What highly favoured men these sons of the prophets were in being the companions and disciples of Elisha. His words must have been good to listen to, and it is no wonder that they crowded to hear him until the place where they dwelt with him could not contain them, and they felt that they needed more room. It was a healthy sign, and their desire for enlargement had the full approval of the prophet.
Are we dwelling with our Lord as those sons of the prophets dwelt with Elisha? “I will never leave thee nor forsake thee,” He has said, and He will not deny His own Word. But are we consciously dwelling with Him? We often quote His words: “Where two or three are gathered together in My Name, there am I in the midst of them;” but are they mere words to us, or a living reality? If we are dwelling with the Lord and learning of Him, we are growing; we are being enlarged in our souls, and we shall want to move on in the more abundant life that is ours.
This question of growth is a vital one. A father would be seriously concerned if his children ceased to develop in mind and body, and God is our Father — does He not care whether His children are growing in grace or not? He certainly does. Let us not be indifferent to this matter, for growth and strength go together, and we cannot be strong in the face of the foe if we do not grow and move on in the knowledge of the Lord; we shall not be more than conquerors if we stagnate and are stunted in growth. To the Church at Corinth Paul wrote: “O ye Corinthians, our mouth is opened to you, our heart is enlarged. Ye are not straitened in us, but ye are straitened in your own bowels. Now for a recompense in the same (I speak as to my children), BE YE ALSO ENLARGED” (2 Corinthians 6:11-13).

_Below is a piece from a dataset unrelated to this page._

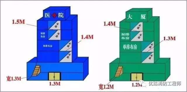 高層醫(yī)療建筑樓梯間的首層疏散門和首層疏散外門的寬度為1.3米,單排布房的走道寬1.4米,雙排布房的走道寬1.5米,疏散樓梯寬1.3米。其它高層建筑樓梯間的首層疏散門和首層疏散外門的寬度為1.2米,單排布房的走道寬1.3米,雙排布房的走道寬1.4米,疏散樓梯寬1.2米。 《建筑設(shè)計(jì)防火規(guī)范》(GB50016-2014)5.5.18
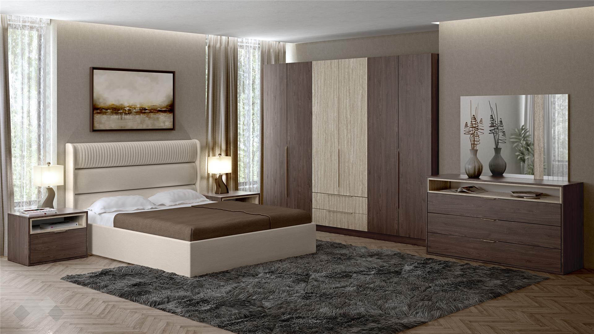 Спален комплект Барса впечатлява с балансирано съчетание на топлите дървесни нюанси на дъб арканзас и мекия, неутрален травертин, които създават уютна и спокойна атмосфера. Дизайнът е модерен и изчистен, с внимание към детайла и функционалността, което го прави отличен избор за съвременния дом.

What was it that had straitened and stunted those Christians? The world and the evil things that are in it. They had forgotten that the Gospel of their salvation had called them out of the world to brighter and better things, and that they had been united to Christ, Who is not of the world, by the Holy Ghost from Heaven. They had formed associations which made it impossible for them to expand in the greatness of the Christian life and service — they were fettered and not free, and they needed the command, “Be ye not unequally yoked with unbelievers. … Come out from among them and be ye separate, says the Lord, And touch not the unclean thing.” We cannot love and cleave to the world and abide in Christ at the same time. To dwell as His disciples with Him means separation from the world, and there can be no spiritual growth apart from this.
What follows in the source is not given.